Tuesday, February 19, 2013

Rules of thumb and science announcements

Texan99 has a question over at Grim's Hall about how a layman can evaluate claims by scientists. It isn't easy to come up with a simple rule, and I thought maybe I should elaborate on my comments there.

Pronouncements in the press tend to be pretty dramatic. Drama is pretty much the only way to get into the news, so sometimes it is the scientist and sometimes the reporter who gooses the story.

Always remember that what you read is typically what comes out after a reporter has digested the information.

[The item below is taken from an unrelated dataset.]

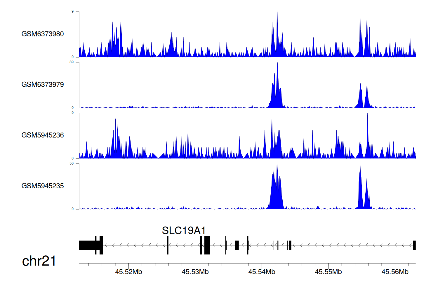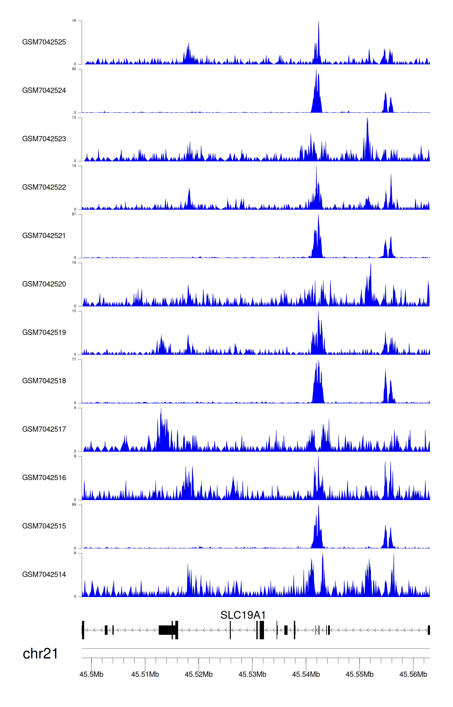 > Dataset: GSE198334 - SLC19A1 peak across samples

Pronouncements fall into several categories:

  1. Solidly backed by experiment and theory. Sometimes reality is weird (e.g. quantum mechanics) and you need some experience to understand it; and reality is often inconvenient. Look for humility, stable consensus and eagerness to talk about experimental verification, but those aren't perfect guarantees.
  2. Within the bounds of a current consensus that works OK. The consensus might be wrong, but that would be a big deal. Sometimes we know the current theory has holes, but nothing has been better so far. For example, quantum mechanics and theories of gravity don't play well together, so string theory (which is supposed to unify them) has been popular for a couple of decades, despite the fact that it hasn't gotten anywhere. The rest of us muddle along with two inconsistent theories and apply each in the place where it works best.
  3. Badly scrambled: either this is speculative and not really in the consensus or the reporter garbled it. This, for example. The theories about universe bubbles are part of some cosmological theories, but they're quite speculative, they're untestable, and connections to particle physics are even more speculative. The reporter was hunting for something weird enough to print, and I doubt that Hill or Lykken was happy with the story. Look for something that would be hard to test, or which doesn't seem tightly related to the experiment at hand.
  4. Within a current consensus that doesn't work worth beans though we pretend it does (some fads in psychiatry come to mind). AGW is so political that it is hard to have a science discussion about it, although you may have noticed that the "A" (anthropogenic) and "W" (warming) have pretty much disappeared from the media reports. The consensus didn't work so well... If you don't have domain knowledge of the field, about the best you can do is know a little of its history. If the consensus changes frequently, don't trust it. (Don't trust the pronouncements or the consensus.) But the only way to know the history of a field is to either study it (which isn't easy to do) or live long enough and pay attention. Watch for supporters with vested interests.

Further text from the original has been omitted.